MY VIEW: VOTING 'NO' ON WI-FI RIGHT THING TO DO
Arthur Firstenberg

I was appointed by Mayor David Coss last year as one of two citizen advisors to the committee charged with examining the pros and cons of installing Wi-Fi in city buildings, and with submitting a plan to City Council. The council is expected to make a decision on that plan at its June 11 meeting.

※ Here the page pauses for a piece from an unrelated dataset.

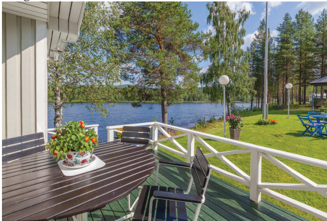
Soldäck stuga 2

Thirty years ago, I was in medical school in California. I learned anatomy and physiology, microbiology, pharmacology and all the other academic subjects. I was taught to examine and treat patients and I assisted at surgeries. But I learned the hard way that something vital was missing from the curriculum: The interaction of electromagnetic energy with biology and health, a discipline known as bioelectromagnetics. I learned it by getting sick.
My illness was acute: My heart rate dropped below 50, and weeks later I collapsed with symptoms similar to a heart attack, but with a normal EKG. I lost a lot of weight, was confined to bed for a period, and became short of breath with the least exertion. It took me three years to recover. And during those years, I learned two important facts: My recovery depended on avoiding exposure to electromagnetic fields as much as possible; and my illness was precisely described in the medical literature of Eastern Europe and was called radio wave sickness. I also learned that the electrocautery devices used to cut tissue and seal blood vessels expose surgeons to much higher levels of radio frequency radiation than is allowed in any other profession.
In 1996, when the wireless revolution began in earnest in the United States, I joined a worldwide network of concerned scientists and doctors and became active in disseminating information about the health and environmental effects of these new technologies. I also began advocating -- because no one else was doing it -- for the surprisingly large numbers of Americans who might have been injured, disabled, made homeless and driven to suicide by the increasingly inescapable radiation emitted by cell phones and towers, wireless computers, routers and access points and the seemingly endless variety of other products containing radio transmitters.
A 1998 telephone survey by the California Department of Health Services found that 3.2 percent of respondents stated that their health was seriously affected by electromagnetic fields, and that an estimated 120,000 Californians were disabled by such fields and couldn't work. This study, published in Environmental Health Perspectives, the journal of the National Institute of Environmental Health Sciences, received no publicity.
The alarming experiments conducted on more than 2,000 laboratory animals since 1988 by neurosurgeon Leif Salford and his colleagues at the University of Lund in Sweden have received no publicity either. Their studies show that a two-minute exposure to an ordinary cell phone causes leakage of the blood-brain barrier; that a two-hour exposure causes permanent damage to brain cells; that chronic exposure causes permanent impairment of memory; that DNA is altered; and that all these effects can occur at power levels equivalent to holding a cell phone or a wireless computer four feet from your head, or living 500 feet from a typical cell tower.
Wi-Fi is newer than cell phones, and the experiments done with phones haven't yet been done with computers. But in principle, the biological effects should be identical, and in practice complaints about Wi-Fi, everywhere in the world, are more widespread, and the health effects appear to be more severe.
This technology has effects on environment, health, and access to buildings by people with disabilities, that our society has yet to come to grips with. The council should do the right thing and vote "no" on this plan.

Santa Fean Arthur Firstenberg is the founder and president of the Cellular Phone Task Force.